The TPON head end 6 is connected to the main telephony network as indicated 
by the arrow 7. The entire head end constituted by the TPON transmitter 1, 
the TPON receiver 2, the sub-carrier multiplexer 5 and the TPON head end 6 
are controlled by a control/network management system indicated generally 
be the reference numeral 8. 
Each of the customer premises includes an optical network unit (ONU) 9 
which comprises a BPON receiver 10 and a TPON sub-system unit 11. The 
video channel information output by the receiver 10 is fed to a television 
12 via a control box 13 (similar to the set-top receiver used to tune 
satellite TV signals). The BPON receiver 10 is an avalanche photodiode 
(APD) of the type described in the above-mentioned article "Broadband 
systems on passive optical networks". The TPON sub-system unit 11 is a 
standard BTS network termination unit of the type described in the 
above-mentioned article "The provision of telephony over passive optical 
networks". This unit 11 includes an optical transmitter (such as a 
Fabry-Perot laser) for transmitting video request signals, telephony and 
other interactive service signals at a wavelength of 1300 nm using a time 
division multiple access (TDMA) transmission technique. The unit 11 also 
includes an optical receiver and an RF amplifier circuit for driving the 
control box 13. 
The TPON sub-system unit 11 includes a demodulator 14 for providing TDM 
TPON signals to the TPON sub-system unit 11. The TDM signals are then 
demultiplexed to drive customer premises equipment (CPE) such as a 
telephone 15. Outgoing (upstream) telephony from the telephone 15 is 
multiplexed by the TPON sub-system unit 11 for TDMA transmission via the 
PON 4 to the TPON receiver 2 at the head end. Upstream video request 
signalling from the customer is passed from the control box 13 to the TPON 
sub-system unit 11, and then back to the head end via the PON 4 and the 
TPON receiver 2. The control box 13 can be controlled via an infra red 
remote control unit 16. 
In use, the head end broadcasts all the information on all 32 sub-carriers 
to all of the associated 256 customers via the PON 3. As mentioned above, 
31 of the sub-carriers carry video channels, telephony and other 
interactive services being provided on the remaining sub-carrier dedicated 
for such services. 
The video channels carried by the remaining 31 sub-carriers are provided by 
a video server 17. The arrangement is such that the network can transmit 
up to 560 video channels simultaneously (assuming each video channel is 
compressed to 2 Mb/s, and each sub-carrier carries 18 video channels). If 
a given subscriber wants to view a particular video film, the necessary 
request is sent to the head end by that customer's control box 13 
(possibly using the remote control unit 16 ), the associated TPON 
sub-system unit 11 and the PON 4. The signalling information is received 
by the TPON receiver 2, and is passed on to the video server 17 via the 
TPON head end 6 and the control system 8. The video server 17 then 
transmits the requested video film on to a spare video channel for 
transmission to that customer together with a control signal which enables 
that customer's control box 13 to receive that video channel. 

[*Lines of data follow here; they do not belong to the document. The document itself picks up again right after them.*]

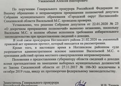 В дополнение отменим, что в настоящее время, в суде, по иску фракции КПРФ в собрании Ногликского городского округа рассматривается иск о признании незаконным решения Собрания об избрании председателя. Если бы, сейчас Сахалинский областной суд встал на строну КПРФ и Марины Васильевой, то это стало бы безусловным основанием для отмены судом и решения об избрании председателя Ногликского Собрания.
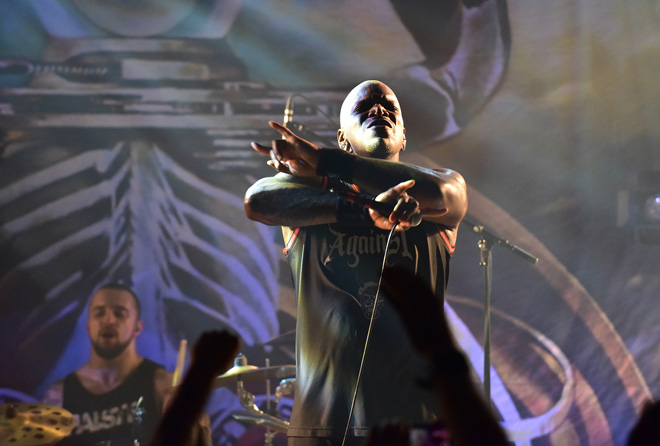 ヴォーカリスト:デリック・グリーンもまた、圧倒的なまでの存在感を見せつける。褐色の巨神像とでも呼ぶべきステージのプレゼンスはもちろん、その咆哮もまた、セパルトゥラの音楽性に新たなディメンションをもたらすものだ。彼はまた「カイロス」などでパーカッションを担当、観衆の獣性を駆り立てることにも大いに貢献した。
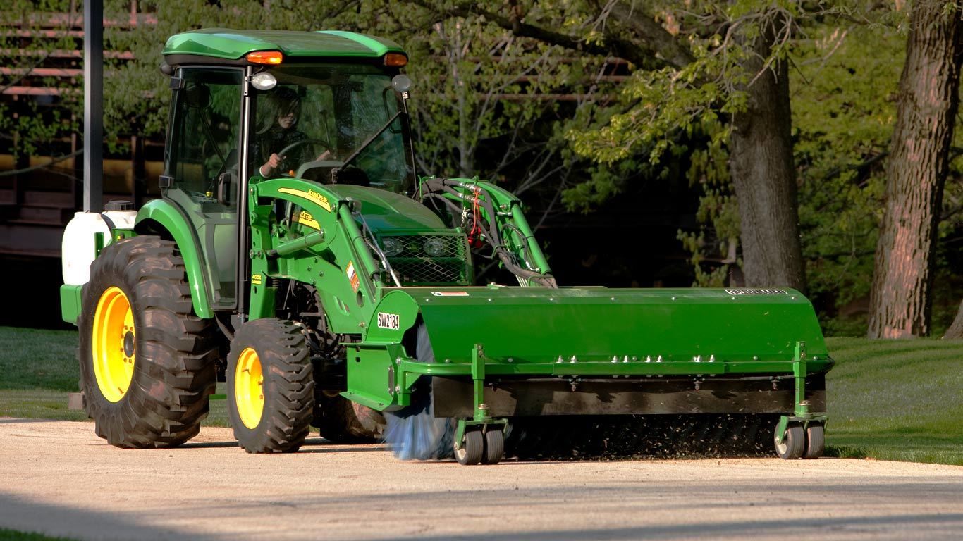 NOTE: By mounting wheels in front of the brush with the dethatching bracket installed, better control of ground pressure can be achieved.
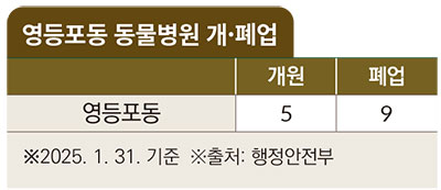 행정안전부 최신 데이터에 따르면, 영등포구 영등포동은 2001년부터 동물병원이 개원하기 시작해 2025년 1월 31일 기준 14개소가 개원, 이 중 9개소(64%)가 문을 닫고, 현재 5개소(36%)가 개원을 유지하고 있다.
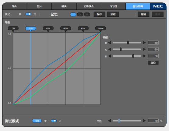為了避免這種后顧之憂,PX2000UL+可以對(duì)多機(jī)中的某一臺(tái)設(shè)備,或一臺(tái)設(shè)備中的某一塊區(qū)域進(jìn)行色彩精確校準(zhǔn),快速幫客戶解決問題、對(duì)癥下藥。而在影響一致性效果的原因不是偏色而是灰階時(shí),PX2000UL+同樣可以調(diào)整不同層次的Gamma曲線,對(duì)RGB分色調(diào)校,從而保證畫面色彩的一致性。
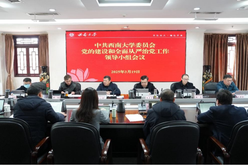 3月19日,西南大学党委召开党委常委会(扩大)会议暨学校党的建设和全面从严治党工作领导小组会议,学习传达中央党的建设工作领导小组会议、教育部党组会议精神和《中共中央办公厅关于在全党开展深入贯彻中央八项规定精神学习教育的通知》,审议通过《中共西南大学委员会关于开展深入贯彻中央八项规定精神学习教育的实施方案》,正式启动学校深入贯彻中央八项规定精神学习教育。党委书记张卫国主持会议并作动员部署讲话。
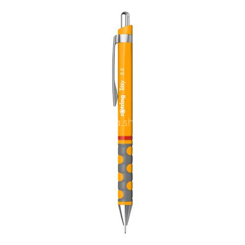 Nyomósirón, 0,5 mm, ROTRING Tikky, narancssárga Könnyű mechanikus ceruza gumírozott markolattal és neon színekkel a modern és merész megjelenésért. -forgó, sárgaréz mechanizmus a precíziós adagolásért -könnyű, műanyag test -háromszög alakú tolltest a

FIG. 2 shows a modified form of the system shown in FIG. 1, in which the 
two simplex PONs 3 and 4 are replaced by a duplex PON 3'. Accordingly, 
like reference numerals will be used for like parts, and only the 
modifications will be described in detail. In this embodiment, all the 
downstream signalling takes place in exactly the same manner as for the 
embodiment of FIG. 1, that is to say the head end broadcasts all the 
information on all 32 sub-carriers to all of the associated 256 customers 
via the BPON transmitter 1 and the PON 3'. Upstream signalling is, 
however, also carried on the PON 3', with the TPON sub-system unit 11 of 
each customer being connected to its associated fibre via a WDM 18. 
Similarly, the TPON receiver 2 is connected to the PON 3' via a WDM 19 
upstream of the first splitting point. As before, downstream signalling is 
at 1550 nm, and upstream signalling at 1300 nm. 
It will be apparent that the system described above has a number of 
advantages compared with known broadband transmission systems. In 
particular, the use of FM sub-carrier multiplexing has the following 
advantages, namely: 
1. optical constraints which are similar to those for digital (baseband) 
modulation; 
2. low cost lasers can be used, as linearity requirements are less 
stringent; 
3. a high PON split is possible without optical amplification; 
4. the frequency band is compatible with the satellite TV receiver band of 
950 MHz to 2000 MHz; 
5. the equipment used is compatible with terrestrial radio systems; and 
6. very small, low power optical receivers can be used. 
The compatibility with low-cost satellite receivers already in use is 
particularly important. Thus, the customer ONU 9 could directly replace a 
satellite dish, in which case it would be connected directly to the 
set-top receiver (control box 12), and could be powered by that receiver 
from the supply intended for the low noise block (LNB). 
Each of the systems described above is, therefore, capable of delivering 
advanced interactive broadband services, such as video on demand direct to 
the home on fibre. The FM-BPON approach described is capable of a high 
level optical split, and the integration of the TPON technology with this 
approach provides a powerful interactive capability. 
It will be apparent that the system described above could be used to carry 
other broadband services than video on demand. For example, each of the 
TPON/BPON systems described could be modified to provide broadcast TV, 
satellite TV from a central dish, and innovative new dial-up services 
applications such as telepresence, broadband videoconferencing, virtual 
reality and video games.